Aggregating spatio-temporal raster data

Spatio-temporal data, such as MODIS images, time series, or meteorological records from several stations (see Chapter 3, Working with Tables) pose a challenge for analysis and visualization due to their three-dimensional nature. One approach to simplify such data is to perform aggregation in spatial and/or temporal dimensions (another approach to simplify spatio-temporal data is, for example, cluster analysis).

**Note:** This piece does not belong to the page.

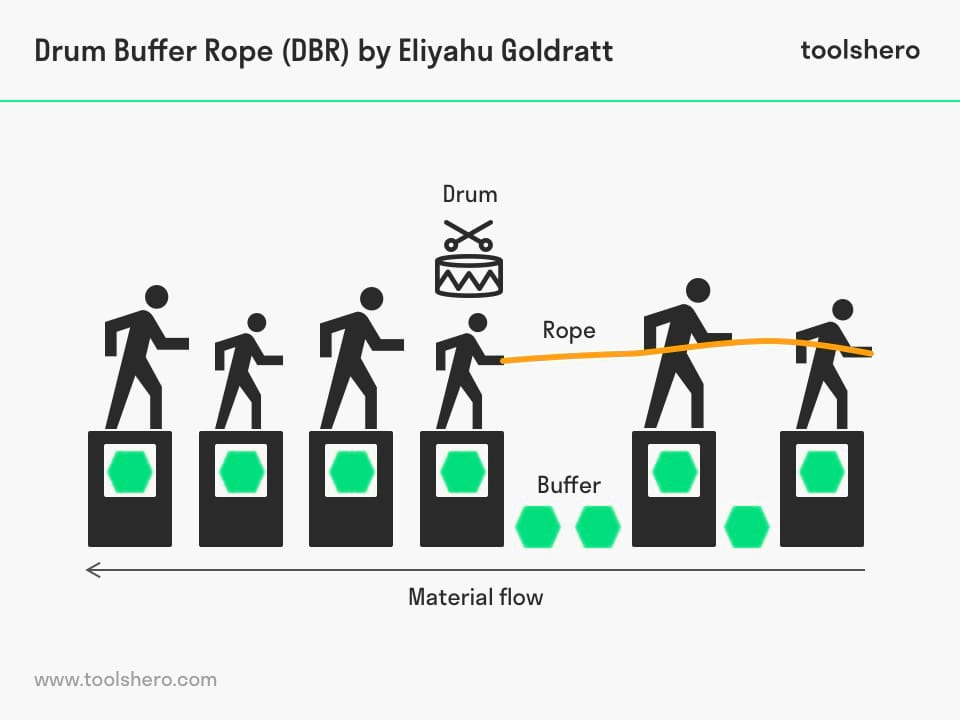 La théorie dite « théorie des contraintes » repose sur une philosophie systémique, dont le concept consiste à identifier le facteur limitant le plus important au sein d'un système donné. Une fois cette contrainte identifiée, elle est améliorée par le système jusqu'à ce qu'elle ne soit plus un facteur limitant. Grâce à ce type d'identification et à l'amélioration continue des contraintes du système, les dépenses opérationnelles de l'organisation peuvent être réduites de manière significative et le débit identifié peut être amélioré. L'utilisation d'un planning basé sur le modèle Drum-buffer-rope et les processus de réflexion peut montrer comment la chaîne d'événements dans un processus de projet est affectée par des contraintes. Le concept qui s'appuie sur l'idée de tampons qui offrent une protection contre l'indisponibilité des ressources. L'amélioration continue des processus fera partie des initiatives abordées lors de la réunion sur les contraintes. Une attention accrue portée à la gestion des stocks permettra d'identifier les facteurs susceptibles de nuire au bon déroulement des opérations.
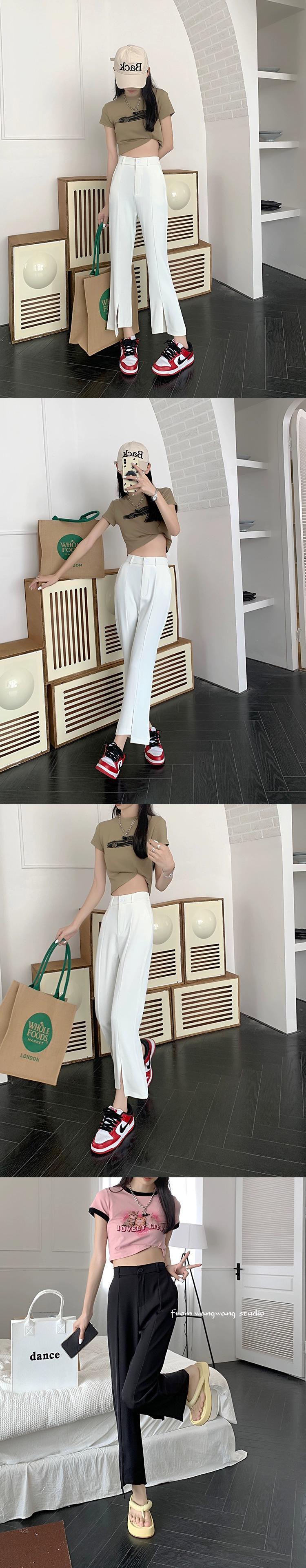 プラスサイズの婦人服ファットミリメートル春の新スタイル 2024 デザインスリット弾性ウエストスーツパンツハイウエスト 9 点パンツ女性 ハイウェスト エラスティック 伸縮 大きめサイズ スプリング 春物 8884145146888882

In this section, we will experiment with two approaches to aggregate the data held in the multiband raster r in order to get additional perspectives on the spatio-temporal behavior of NDVI within the geographic area this raster covers.

Note

More specialized classes and methods (including aggregation) for various types of spatio-temporal data are defined in the spacetime package. An overview of this package can be found in the introductory paper "spacetime: Spatio-Temporal Data in R" by its creator Pebesma E. 2012.

The time dimension

In our first example, we will aggregate r along the temporal dimension (that is, the layers). In fact, the previous example where we mapped the minimum and maximum values for each pixel in r using overlay with the range function (see Chapter 4, Working with Rasters, for more information) is also an example of aggregation. However, instead of aggregating all layers, what if you want to learn the properties of different time series portions? In such cases, you have to perform several overlay operations, and then combine the results into a multiband raster. That is exactly what we are going to do next.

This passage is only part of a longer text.